Live from New York: Amazon's Kindle 2.0

Live from New York: Amazon's Kindle 2.0

Summary: 10:59 a.m.: That's it! The official press release is out.


10:59 a.m.: That's it! The official press release is out.

10:51 a.m. If you're a Kindle 1 owner and order in the next 24 hours you are moved to the front of the line. Translation: Amazon will still have a line and hasn't figured out its manufacturing issue.

Press conference over going to demo outside.

10:49 a.m. Ur has some creepy aspects to it. The New Yorker, Gizmodo now available on Kindle 2. Bezos said the price is the same: $359.And ships on February 24.

10:47 a.m.: King notes that the character in his book. The Kindle can go to other worlds. Talk about product placement. The novella is called "Ur." Bezos back on stage.

10:39 a.m. Reads a scene from his Kindle book.
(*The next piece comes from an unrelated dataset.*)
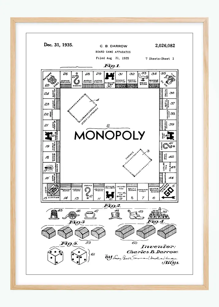 Tämä patenttijuliste kuvaa rakastetun lautapelin Monopoly klassisen muotoilun, joka on kulttuuri-ikoni perheviihteen ja pelien saralla. Päivämäärät osoittavat, että keksijä Charles B. Darrow haki patenttia 31. elokuuta 1935, ja se myönnettiin saman vuoden 31. joulukuuta numerolla 2,026,082. Yksityiskohtainen piirros esittää pelilaudan yleiskuvan, sisältäen tunnetut "lähtö", "mahdollisuus" ja kiinteistöt-ruudut sekä ikoniset pelinappulat ja nopat, luoden nostalgisen tunteen ja arvostuksen tätä ajaton peliä kohtaan.
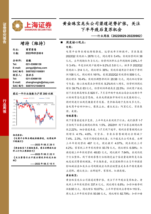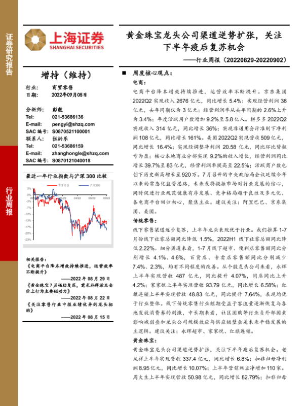 【上海证券】【20220905】商贸零售行业周报:黄金珠宝龙头公司渠道逆势扩张,关注下半年疫后复苏机会-11页

10:31 a.m. Stephen King comes on stage. Got a call in early January. Amazon people got in touch with me. Quips that offering a book was a good way to get a new Kindle.
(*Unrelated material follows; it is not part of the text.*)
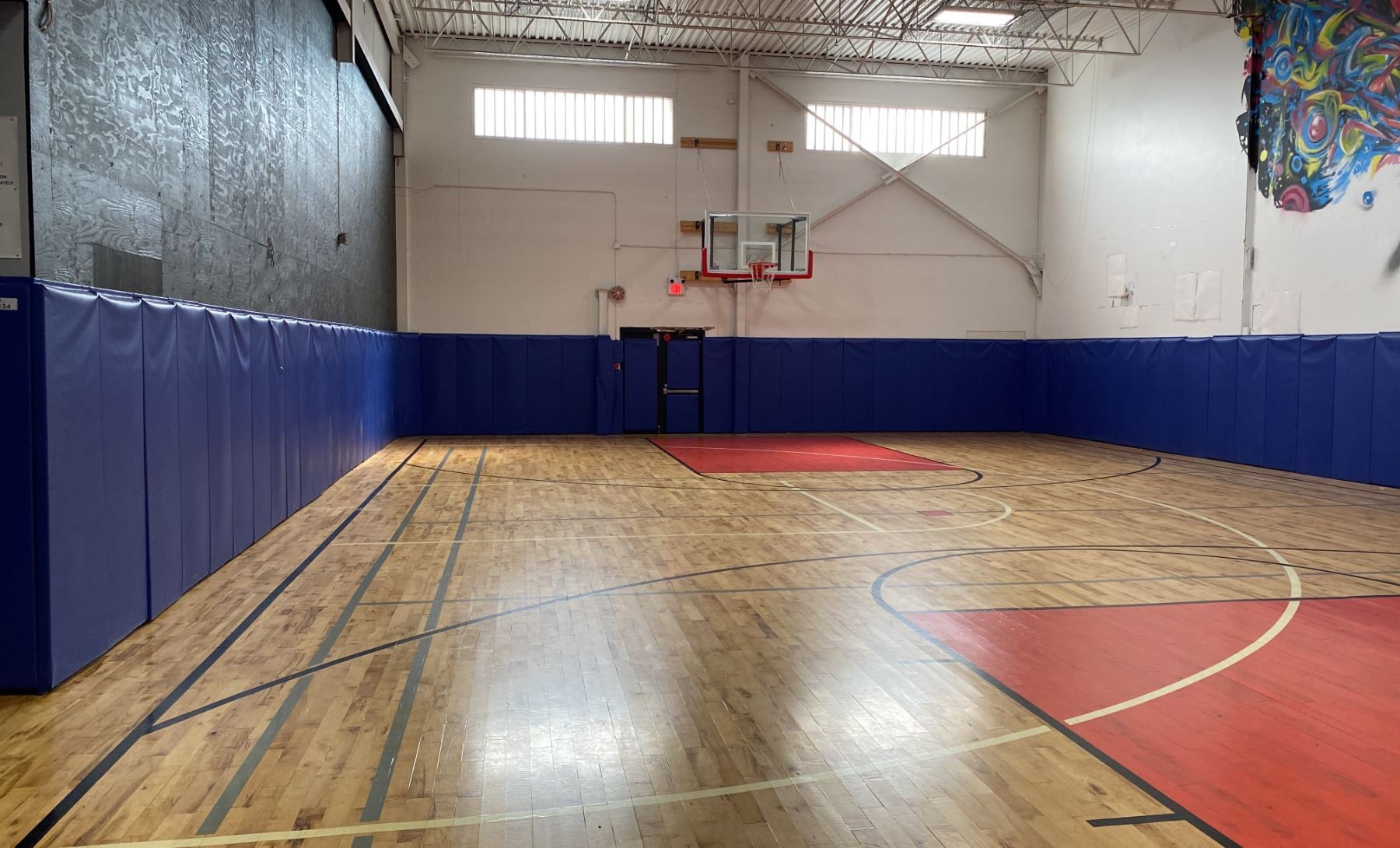 BASKETBALL COURT; MAGNETIC FLOATING FLOOR AND BOTH HOOPS WILL REQUIRE 2 PEOPLE AND 20' LADDER TO REMOVE

10:28 a.m. Showing video of Kindle 1 customers talking about Kindle 2.

10:26 a.m. Showing new features with Gettysburg Address. With Kindle 2 you have built in text to speech. Any document can be read aloud to you. The voice sounds a little robotic, so it's not exactly an audio book replacement. (Think having the customer service robot reading to you.) It does keep your page though.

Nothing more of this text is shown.